The essential portable music brand turned 40 this month, and Sony invites everyone to celebrate the lives its devices have touched.

Co-authored by Dante Gagelonia and Kenji Inukai.
To celebrate the venerable Walkman brand’s 40th anniversary, Sony is making the most of its extensive real estate in Ginza Sony Park—four basement floors, in fact—to showcase a retrospective. It’s not just the typical “here are all our products” sort of experience, though.
For people walking through Ginza unaware of Walkman’s four-decade legacy, there’s a helpful landmark right outside Ginza Sony Park: a straightforward but cheery statement that stands just before the stairway leading into the park.


While the formal name of the company’s anniversary program is “#009 WALKMAN IN THE PARK,” the ninth such exhibit at the venue, what makes the Ginza Sony Park exhibit distinct is its sub-theme of “My Story, My Walkman.”

Instead of just lining up a bunch of its best-selling products from the past 40 years, Sony interviewed 40 people. Those individuals talked about the specific times in their lives when their Walkman devices carried the most meaning for them.
The accompanying devices displayed with the testimonials aren’t necessarily the fanciest or the most powerful, or even the most remarkable to the general public—but they were special to those 40 people.

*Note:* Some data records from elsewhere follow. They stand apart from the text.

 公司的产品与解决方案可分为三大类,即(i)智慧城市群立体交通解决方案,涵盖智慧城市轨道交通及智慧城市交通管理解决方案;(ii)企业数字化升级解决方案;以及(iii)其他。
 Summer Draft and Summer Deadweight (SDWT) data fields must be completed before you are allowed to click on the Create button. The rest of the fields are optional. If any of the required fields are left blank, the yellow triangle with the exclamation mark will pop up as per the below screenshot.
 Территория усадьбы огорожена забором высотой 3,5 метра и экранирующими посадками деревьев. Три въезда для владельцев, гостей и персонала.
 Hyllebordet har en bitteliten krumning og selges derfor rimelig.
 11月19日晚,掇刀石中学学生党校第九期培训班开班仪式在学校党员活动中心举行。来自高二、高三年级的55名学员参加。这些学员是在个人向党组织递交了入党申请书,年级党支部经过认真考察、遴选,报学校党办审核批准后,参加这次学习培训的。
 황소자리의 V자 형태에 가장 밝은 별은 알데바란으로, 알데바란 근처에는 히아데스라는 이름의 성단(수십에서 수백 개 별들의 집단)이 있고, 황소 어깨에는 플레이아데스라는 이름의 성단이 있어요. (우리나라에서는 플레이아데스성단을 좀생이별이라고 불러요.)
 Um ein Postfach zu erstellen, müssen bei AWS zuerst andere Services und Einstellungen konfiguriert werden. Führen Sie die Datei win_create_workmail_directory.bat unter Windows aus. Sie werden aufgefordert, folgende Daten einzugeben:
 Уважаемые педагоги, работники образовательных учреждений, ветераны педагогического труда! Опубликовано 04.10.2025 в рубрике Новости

The exhibit has segregations by year, but these aren’t so much a sequential lineup as anchors for the various featured stories. Each story has the same elements: a name, a testimonial in both Japanese and English, and the specific device that the interviewee treasured.

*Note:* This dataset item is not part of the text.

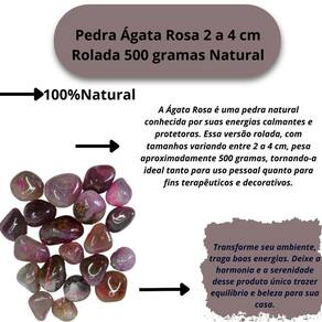 Pedra Ágata Rosa 2 a 4 cm Rolada 500 gramas Natural Pedra Ágata Rosa 2 a 4 cm Rolada 500 gramas Natural A ágata Rosa é uma pedra natural conhecida por suas energias calmantes e protetoras. Essa versão rolada, com tamanhos variando entre 2 a 4 cm, pesa aproximadamente 500 gramas, tornando-a ideal tanto para uso pessoal quanto para fins terapêuticos e decorativos. Benefícios da Ágata Rosa: Equilíbrio emocional: A Ágata Rosa é reconhecida por ajudar a acalmar emoções, proporcionando uma sensação de paz e harmonia interior. Ela é especialmente indicada para quem busca alívio de tensões emocionais e . Fortalece o coração: Essa pedra é considerada uma poderosa aliada para fortalecer o chakra cardíaco, promovendo sentimentos de amor, compaixão e empatia. A Ágata Rosa estimula a autoaceitação e a abertura para relações mais saudáveis. Promove a cura emocional: Ela ajuda a liberar traumas e mágoas emocionais, permitindo que a pessoa se liberte de padrões negativos do passado e se abra para novas experiências com leveza. Observações Importantes:Por ser uma pedra natural, o Ágata Rosa pode apresentar variações nas cores, tamanhos, formatos e peso das pedras. No entanto, garantimos que todas as pedras são cuidadosamente selecionadas por nossos especialistas para oferecer a melhor qualidade e pureza possíveis. Tamanho Aproximado: As pedras incluídas no pacote possuem tamanhos variando entre 2 a 4 cm. Para garantir o peso de 500 gramas, o pacote será composto predominantemente por pedras de Ágata Rosade excelente qualidade, podendo conter também pedras de outros tipos de Ágata ou cristais de qualidade , assegurando o peso anunciado. Qualidade Garantida: As pedras são polidas e selecionadas especialmente para colecionadores e entusiastas de cristais. enviamos a sua encomenda em até 24 horas após a confirmação do pagamento Caso tenha alguma dúvida nos mande mensagem que responderemos rapidinho para te ajudar Marca: Não Informado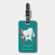 Ein Gepäckanhänger mit einer Abbildung eines großen weißen Zahnes im Stil eines Cartoon, der sich glücklich an einer roten Zahnbürste hält und dem Daumen ein Schild nach oben gibt.

Visitors are encouraged to—carefully and respectfully—experience the interviewees’ music selections first-hand, completing the immersion.

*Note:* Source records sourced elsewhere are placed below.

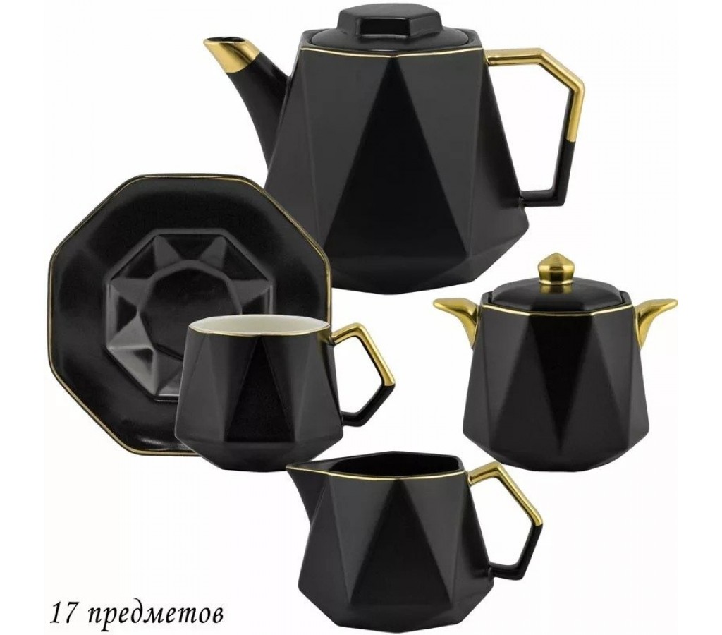 | Чайный сервиз Lenardi Грани черный 17 предметов 220 мл | |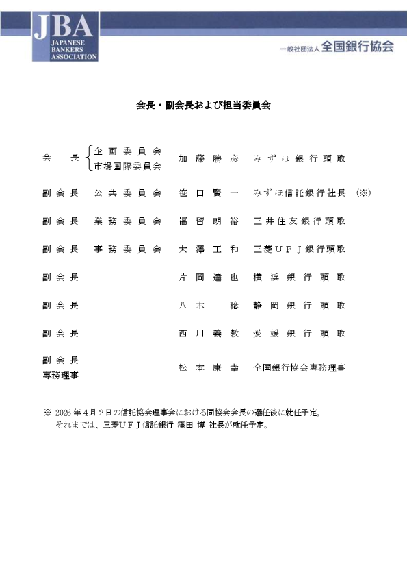 本日付で、みずほ銀行の加藤頭取が全銀協会長に選任された。新体制における会長、副会長はお手元の資料のとおりである。本日はこのほかに、加藤会長の略歴をお配りしている。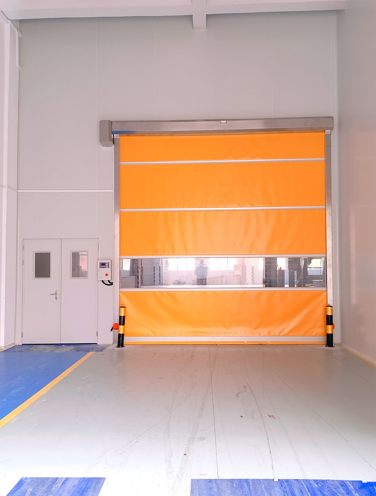 选用法国进口高强度工业织布,厚度为0.9mm,颜色:红色、黄色、蓝色、绿色、橘黄色、灰色、白色、黄色网格、白色网格等多种颜色可选择,中间加装透明视窗(厚1.2mm)使人员车辆出入更安全,具有高抗拉强度, 高抗穿刺性能,适用于频繁开启,高速运转;外置铝合金肋条,增加抗风效果。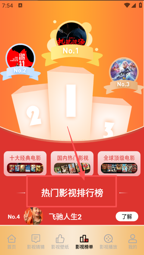 4、打开影视榜单页面,能查看热门影视排行榜,了解当下热门影视动态。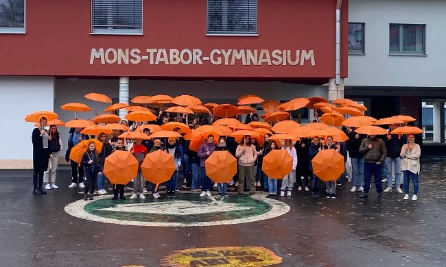 Normalerweise werden am Aktionstag Gebäude und Wahrzeichen orange angeleuchtet, doch dieses Jahr läuft so einiges ein bisschen anders. Und daher reiht sich unsere Schule bei den vielen Firmen, Vereinen und Verwaltungen im Westerwald ein, die sich bei der aktuellen Fotoaktion des Netzwerks Orange beteiligt haben.
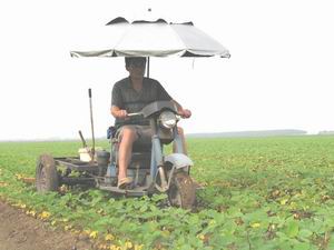 7月15日上午,潘村湖农场五分场职工余正奎正趁早 晨天气凉爽时间,驾驶自己改装的田间多功能作业 机,在自家的责任田里进行大豆田间中耕松土作业, 以促进大豆生长.这种在小型正三轮基础上改造的作 业设备可以进行喷药、施肥、中耕、锄草及播种作 业等,工效高、成本少,一台作业机每小时可施行 中耕作业或药剂喷施作业25-30亩,是家庭农场职工 从事农业生产的好帮手。图为作业场景。(杨登宏 摄)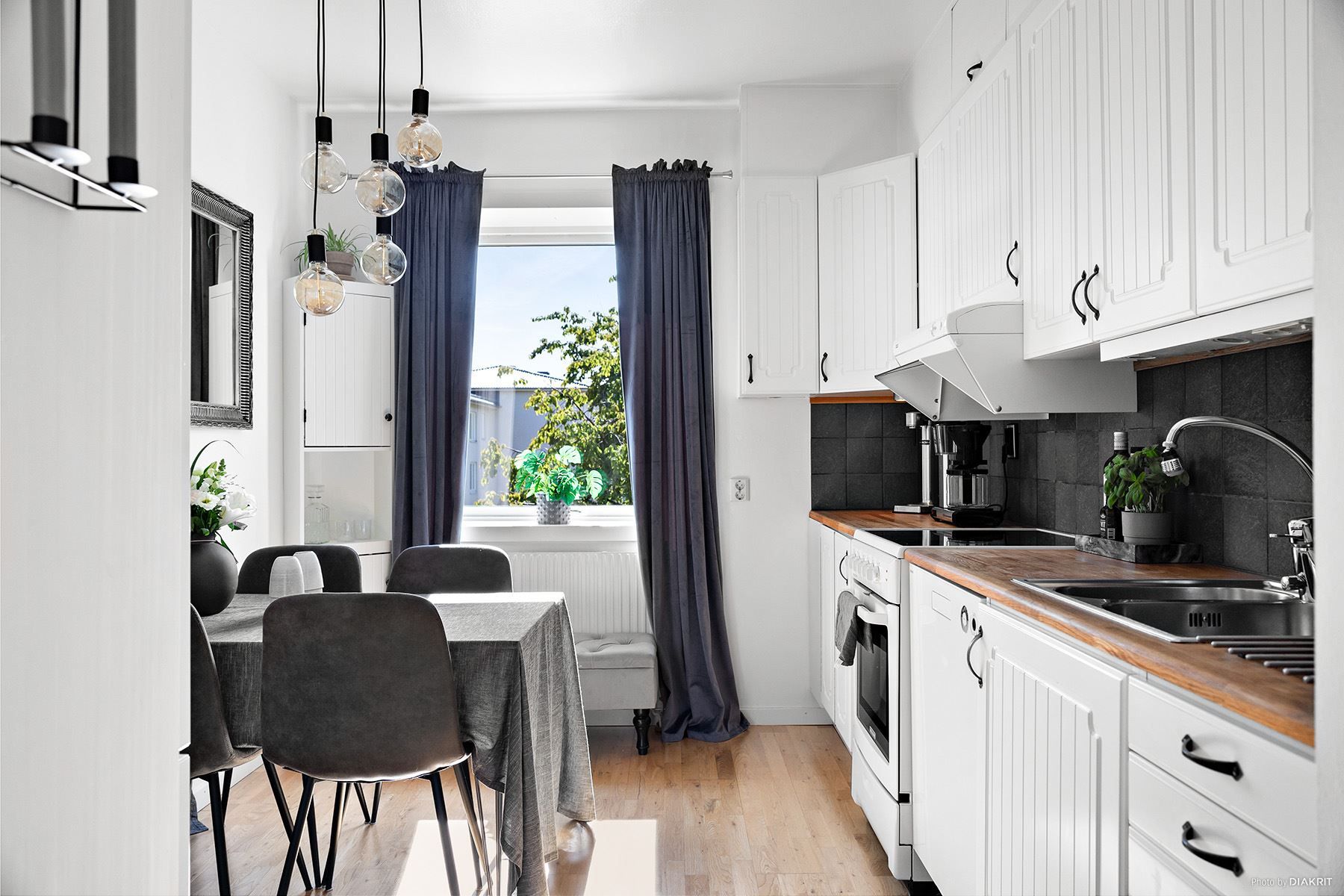 Bostaden har ett helkaklat modernt badrum med tvättmaskin samt ett charmigt kök med bl.a diskmaskin.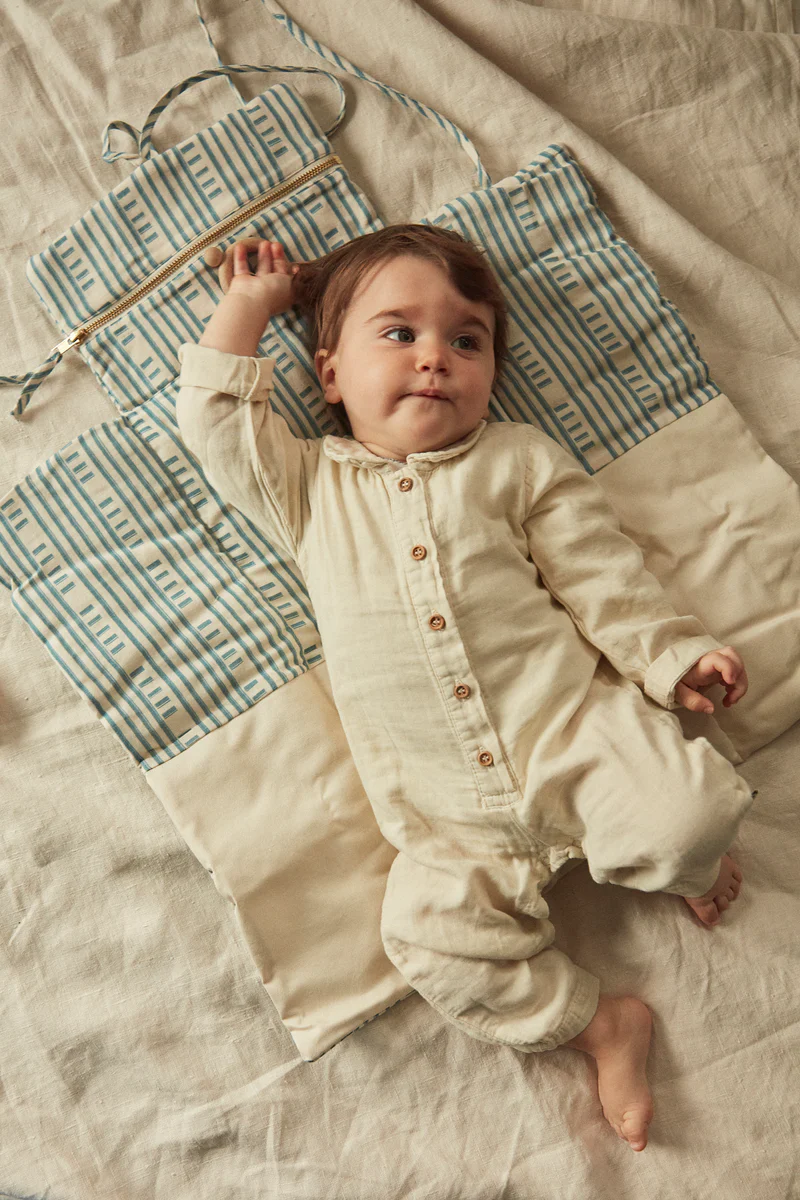 Ce matelas à langer, douillet et pratique, est le cadeau préféré des parents ! Il peut s’emmener partout. Il possède une pochette intérieure doublée en coton enduit pour y mettre le nécessaire de change.

Further down in the park, past the testimonials and the minimalist skate-park aesthetic, is a more overt declaration of Walkman’s lifetime and legacy: an entire wall of its devices.



While the majority of the park is reserved for the Walkman exhibit and a pop-up store, visitors might also find it interesting to visit Game X Park, a section dedicated to interactive gaming built around Sony’s Xperia Touch interactive projector.
In the same area as the wall of Walkman devices, Spring Valley Brewery (with its prominent Beer to Go branding) is also a welcome stopover for visitors who might want some craft beer as refreshment. But as the establishment’s branding implies, the idea is that people will buy their beer and go—which explains the packaging.

Rounding out the exhibit experience, there’s one last thing of note.
For the achievement-minded visitor, the Walkman exhibit has an endearing gimmick. At the entrance, maps and stamp sheets like these are given out:

The relevant stamp pads are found in each major area of the exhibit. If a visitor manages to complete all four stamps, they receive a special commemorative “cassette.”

As is the case with the whole exhibit, Sony uses it as an opportunity for one last bit of cleverness that warms the heart.
“#009 WALKMAN IN THE PARK” runs from July 1 to September 1, 2019.